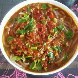 4 捞出红薯粉条放到碗里,浇入调好的汤,放蒜泥,香醋,撒上香菜即可。
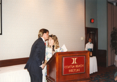 Two speakers stand behind a wooden podium during a Florida Ornithological Society meeting held in Cocoa Beach, Florida, at the Cocoa Beach Hilton circa 1994.
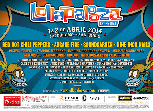 Lollapalooza Chile goes down next 3/29-30 at Santiago's O'Higgins Park, and Lollapalooza Argentina comes to Hipodromo de San Isidro in Buenos Aries 4/1-2. Both lineups have tons of artists from their respective countries, but the two lineups of international performers are more or less identical. Both fests will feature some serious heavy hitters: Arcade Fire, Nine Inch Nails, Soundgarden, Red Hot Chili Peppers, Vampire Weekend, Phoenix, Pixies, New Order, Julian Casablancas, Lorde, Johnny Marr, Ellie Goulding, Kid Cudi, Savages, Flume, Baauer, AFI, and a tone of others.
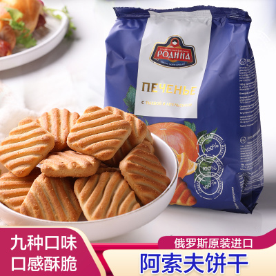 俄罗斯进口酥性饼干即食早餐曲奇可可牛奶味解馋休闲小吃零食210g
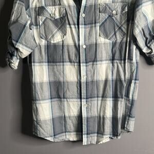 Boys Ditch Plains Blue and Gray Plaid Snap Front Shirt Size Large
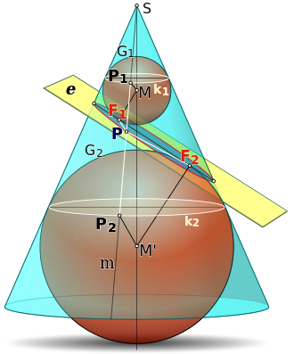 Using the Dandelin spheres, it can be proved that any conic section is the locus of points for which the distance from a point (focus) is proportional to the distance from the directrix.[7] Ancient Greek mathematicians such as Pappus of Alexandria were aware of this property, but the Dandelin spheres facilitate the proof.[6]
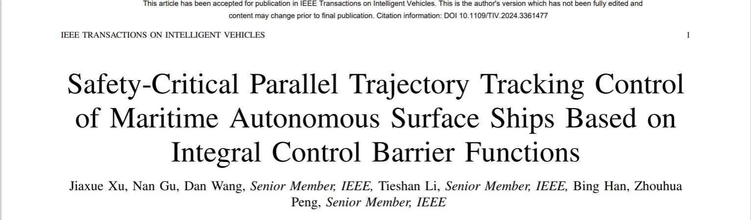 近日,MK体育(中国)国际平台船舶电气工程学院彭周华教授团队在交通科学技术领域权威期刊《IEEE Transactions on Intelligent Vehicles》上发表了题为“基于积分控制障碍函数的智能船舶安全平行轨迹跟踪控制”(Safety-Critical Parallel Trajectory Tracking Control of Maritime Autonomous Surface Ships Based on Integral Control Barrier Functions)的论文。
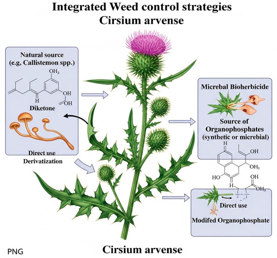 - Duke, S.O.; Pan, Z.; Bajsa-Hirschel, J.; Douglas, B.C. The potential future roles of natural compounds and microbial bioherbicides in weed management in crops. Adv. Weed Sci. 2022, 40, e020210054. [Google Scholar] [CrossRef]
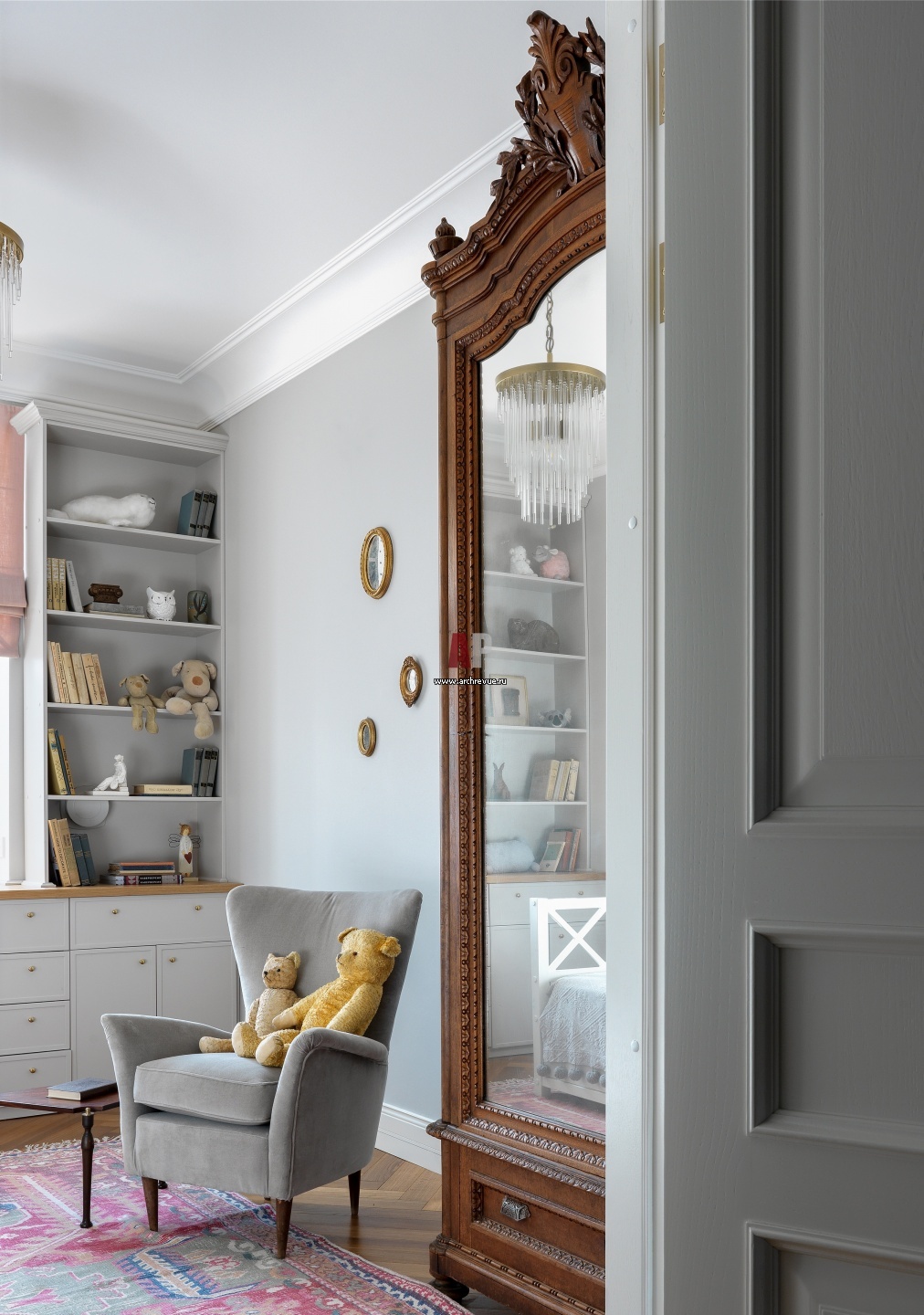 Комната дочери. При входе стоит большой старинный шкаф с зеркальной дверью, который дизайнер с хозяйкой нашли по объявлению и купили у людей, покидавших роскошную квартиру в доходном доме в связи с переездом.
---*---
» **Task directions**: In the records above, find the line with "俄罗斯进口酥性饼干即食早餐曲奇可可牛奶味解馋休闲小吃零食210g" and the line with "- Duke, S.O.;", then restate word for word only those two lines and all lines between, omitting pictures.

» **Task output**:
 俄罗斯进口酥性饼干即食早餐曲奇可可牛奶味解馋休闲小吃零食210g
 Boys Ditch Plains Blue and Gray Plaid Snap Front Shirt Size Large
 Using the Dandelin spheres, it can be proved that any conic section is the locus of points for which the distance from a point (focus) is proportional to the distance from the directrix.[7] Ancient Greek mathematicians such as Pappus of Alexandria were aware of this property, but the Dandelin spheres facilitate the proof.[6]
 近日,MK体育(中国)国际平台船舶电气工程学院彭周华教授团队在交通科学技术领域权威期刊《IEEE Transactions on Intelligent Vehicles》上发表了题为“基于积分控制障碍函数的智能船舶安全平行轨迹跟踪控制”(Safety-Critical Parallel Trajectory Tracking Control of Maritime Autonomous Surface Ships Based on Integral Control Barrier Functions)的论文。
 - Duke, S.O.; Pan, Z.; Bajsa-Hirschel, J.; Douglas, B.C. The potential future roles of natural compounds and microbial bioherbicides in weed management in crops. Adv. Weed Sci. 2022, 40, e020210054. [Google Scholar] [CrossRef]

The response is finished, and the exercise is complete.